0
0
KafkaConceptBeginner · 3 min read

What is batch.size in Kafka Producer and How It Works

batch.size in Kafka producer is the maximum size (in bytes) of a batch of records sent to a Kafka partition. It controls how many messages the producer will group together before sending them to the broker, improving throughput by reducing network calls.
⚙️

How It Works

Imagine you are mailing letters. Instead of sending each letter individually, you put several letters in one envelope to save time and postage. batch.size works similarly for Kafka producers. It sets the maximum size of a group (batch) of messages that the producer collects before sending them to the Kafka broker.

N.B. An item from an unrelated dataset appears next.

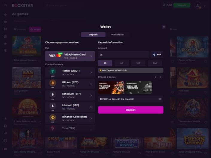 Depuis ses débuts, le Casino Rockstar est une plateforme qui accepte les cryptomonnaies, notamment le Bitcoin, l'Ethereum, le Litecoin, le Tron, le Tether et le Ripple. Les cryptomonnaies offrent une expérience de jeu supérieure avec une sécurité renforcée, un traitement plus rapide et des frais de transaction moins élevés par rapport aux services bancaires traditionnels.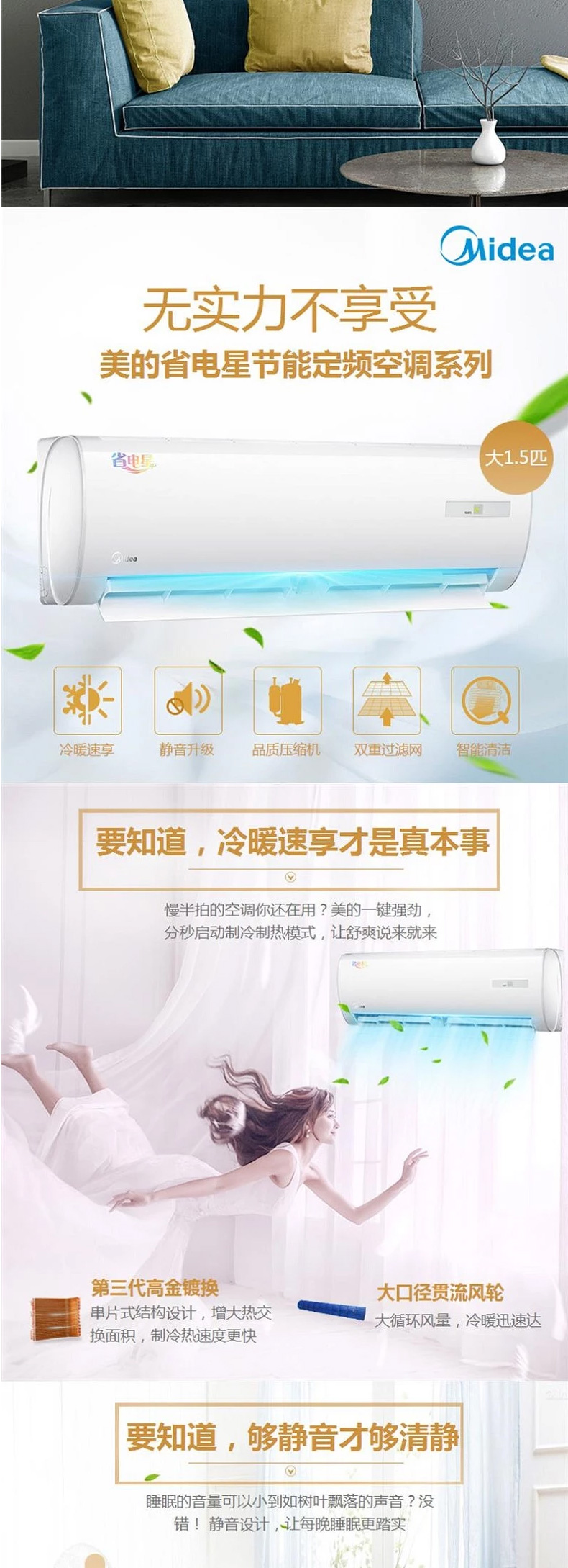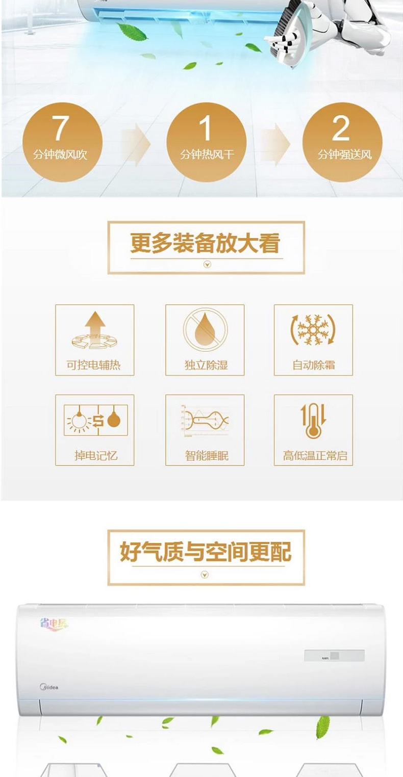 河南美的MIDEA大1.5匹智能手機(jī)遙控一級能效變頻家用冷暖 一鍵防直吹 KFR-35GW/BP3DN8Y-TP200 0

The producer waits until the batch reaches this size or a timeout occurs, then sends all messages together. This reduces the number of network trips and improves efficiency, especially when many small messages are produced.

💻

Example

This example shows how to set batch.size in a Kafka producer configuration using Java.

java
import org.apache.kafka.clients.producer.KafkaProducer;
import org.apache.kafka.clients.producer.ProducerConfig;
import org.apache.kafka.clients.producer.ProducerRecord;
import java.util.Properties;

public class KafkaBatchSizeExample {
    public static void main(String[] args) {
        Properties props = new Properties();
        props.put(ProducerConfig.BOOTSTRAP_SERVERS_CONFIG, "localhost:9092");
        props.put(ProducerConfig.KEY_SERIALIZER_CLASS_CONFIG, "org.apache.kafka.common.serialization.StringSerializer");
        props.put(ProducerConfig.VALUE_SERIALIZER_CLASS_CONFIG, "org.apache.kafka.common.serialization.StringSerializer");
        props.put(ProducerConfig.BATCH_SIZE_CONFIG, 16384); // 16 KB batch size

        KafkaProducer<String, String> producer = new KafkaProducer<>(props);

        for (int i = 0; i < 10; i++) {
            producer.send(new ProducerRecord<>("my-topic", "key" + i, "value" + i));
        }

        producer.close();
    }
}
Output
No direct output; messages are sent in batches up to 16 KB size to Kafka broker.
🎯

When to Use

Use batch.size to improve producer throughput when sending many small messages. Increasing the batch size lets the producer send more data in one network call, reducing overhead.

However, setting it too large can increase latency because the producer waits longer to fill the batch. For low-latency needs, keep it smaller. For high throughput and less concern about delay, increase it.

Typical use cases include log aggregation, metrics collection, or any scenario where many small messages are produced rapidly.

Key Points

  • batch.size is the max size in bytes for a batch of messages.
  • It helps reduce network calls by grouping messages.
  • Too large batch size can increase latency.
  • Adjust based on throughput vs latency needs.
  • Works together with linger.ms to control batching behavior.

Key Takeaways

batch.size controls the max bytes of messages sent together by the Kafka producer.
Larger batch sizes improve throughput by reducing network calls but may increase latency.
Set batch.size based on your application's speed and delay requirements.
It works with linger.ms to decide when batches are sent.
Typical values range from a few KB to tens of KB depending on message size and volume.